Sem as “rodas”, cilindros giratórios de madeira que rodavam tanto para fora quanto para o interior de uma instituição de caridade, nas quais mães depositavam, no passado, seus recém-nascidos, os abandonos se tornaram comuns. São crianças entregues à própria sorte em lixos, nos rios e nas portas de estabelecimentos comerciais.
No Rio, em 2022, segundo dados do Sistema Nacional de Adoção e Acolhimento do Conselho Nacional de Justiça (CNJ), dez bebês (122) foram entregues, por mês, de maneira legal, pela mãe ou pelo pai biológico à Vara da Infância, da Juventude e do Idoso — 22% a mais que no ano anterior (100). Tomando por base o Brasil, o número é bem maior: uma média de cinco crianças por dia. Foram 1.667 recém-nascidos entregues no ano passado, enquanto em 2021, 1.314.
A partir da inserção do artigo referente à entrega voluntária para a adoção, instituído pela Lei 13.509/2017, no Estatuto da Criança e da Adolescência (ECA), as mães podem comunicar à Justiça que não querem o bebê, ainda gestantes. A pessoa que decidir pela entrega será atendida por uma equipe multidisciplinar formada por psicólogas e assistentes sociais na Vara da Infância, Juventude e do Idoso. Se a mulher não tiver iniciado um pré-Natal, receberá as orientações para fazê-lo e se preparar para a entrega após o nascimento do bebê.

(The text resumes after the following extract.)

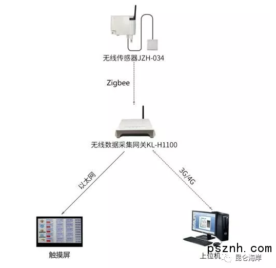 無線傳感器JZH-034,無線數(shù)據(jù)采集網(wǎng)關(guān)KL-H1100,觸摸屏,上位機,上位機軟件。

O processo envolvendo crianças e adolescentes tramita em segredo de justiça. Não há necessidade de a pessoa declarar o motivo da entrega da criança para adoção. Para dar mais tranquilidade à mãe na entrega de seu bebê, a partir de 2019, foi instituído o sigilo sobre o ato da mãe. No entanto, a criança tem direito a buscar sua origem biológica. Até porque, se no futuro, o bebê adotado apresentar problemas de saúde como, por exemplo, a necessidade de um transplante de medula, ele tem direito de saber se os pais ou algum irmão biológico pode ser compatível para a doação.
O juiz da 4ª Vara da Infância, da Juventude e do Idoso, de Campo Grande, Sérgio Luiz Ribeiro de Souza, explica que o sigilo na entrega significa que a família de quem entregou o bebê não será procurada, quando a mãe assim desejar.
— É natural que busquemos manter a criança no seio familiar, mas se a mãe disser que não quer, temos que respeitar a vontade dela. Não podemos influenciar em sua decisão, apenas lhe explicar como ocorre a adoção legal e segura — comenta o magistrado.— Existem mentalidades totalmente equivocadas sobre o tema. Acham que entregar o bebê é um crime, que ela vai sofrer um julgamento moral. É justamente o oposto. A Justiça irá acolhê-la — esclarece.